## AIM OF THE EXERCISE
For this exercise, the lines from the one with "56 Inches) Tortilla" through the final line of the data below are to be transcribed exactly, and pictures are to be skipped.

──────── DATA BELOW ────────

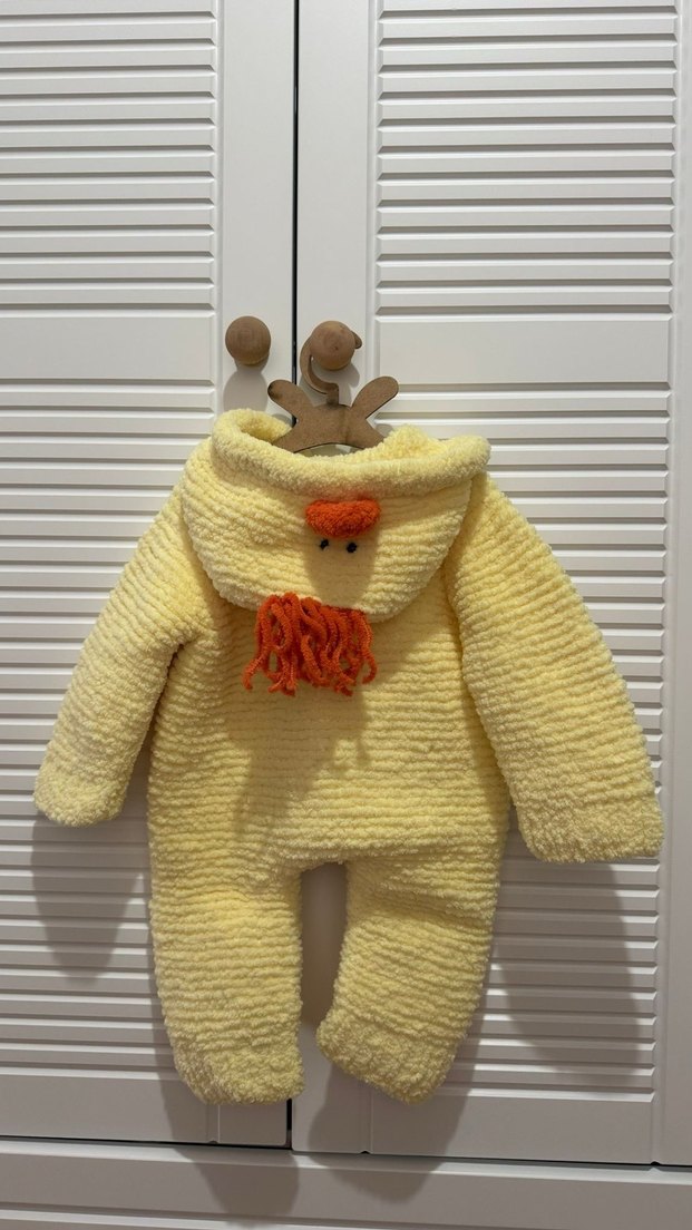Kapüşonlu, örgü sarı bebek tulumu, renkli ördek detaylı, sıcak ve rahat tutar.
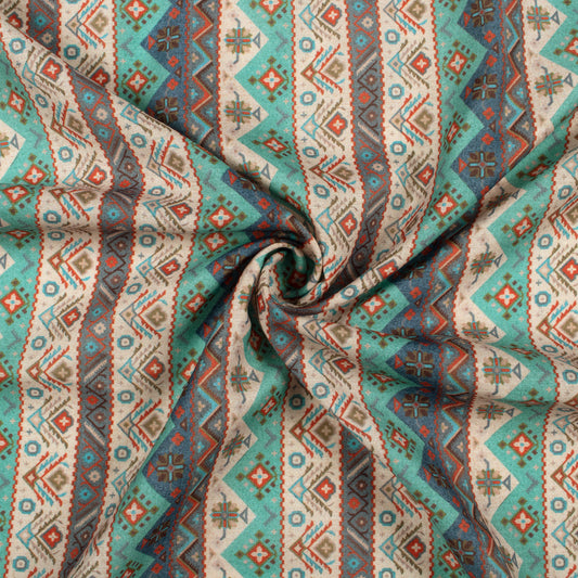 Tortilla Brown And White Traditional Pattern Digital Print Linen Textured Fabric (Width 56 Inches) Tortilla Brown And White Traditional Pattern Digital Print Linen Textured Fabric (Width 56 Inches)
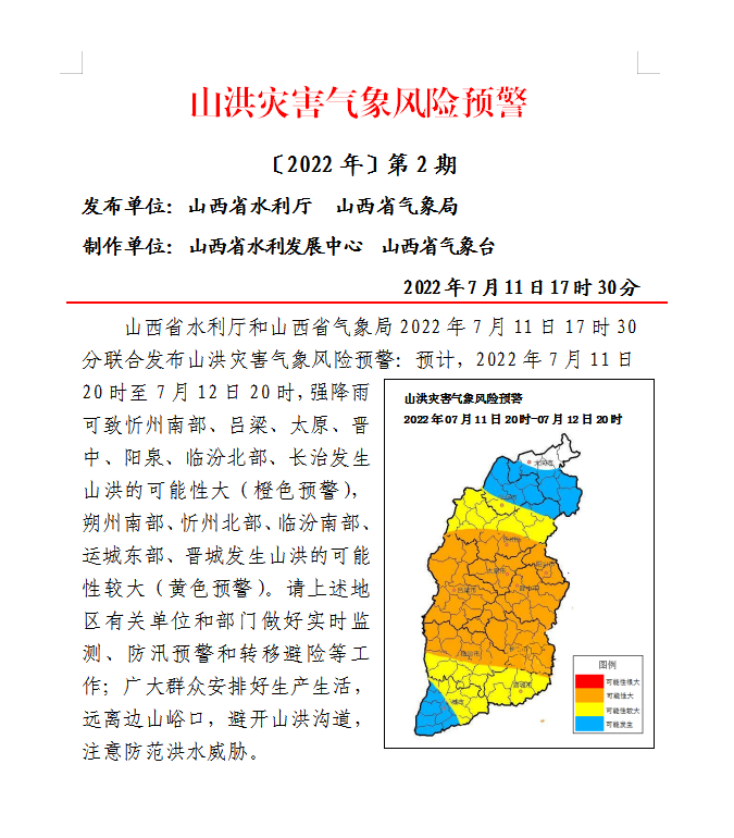 山西省水利廳和山西省氣象局2022年7月11日17時30分聯(lián)合發(fā)布山洪災(zāi)害氣象風(fēng)險預(yù)警:預(yù)計,2022年7月11日20時至7月12日20時,強降雨可致忻州南部、呂梁、太原、晉中、陽泉、臨汾北部、長治發(fā)生山洪的可能性大(橙色預(yù)警),朔州南部、忻州北部、臨汾南部、運城東部、晉城發(fā)生山洪的可能性較大(黃色預(yù)警)。

────────

## RESPONSE TO THIS EXERCISE
 Tortilla Brown And White Traditional Pattern Digital Print Linen Textured Fabric (Width 56 Inches) Tortilla Brown And White Traditional Pattern Digital Print Linen Textured Fabric (Width 56 Inches)
 山西省水利廳和山西省氣象局2022年7月11日17時30分聯(lián)合發(fā)布山洪災(zāi)害氣象風(fēng)險預(yù)警:預(yù)計,2022年7月11日20時至7月12日20時,強降雨可致忻州南部、呂梁、太原、晉中、陽泉、臨汾北部、長治發(fā)生山洪的可能性大(橙色預(yù)警),朔州南部、忻州北部、臨汾南部、運城東部、晉城發(fā)生山洪的可能性較大(黃色預(yù)警)。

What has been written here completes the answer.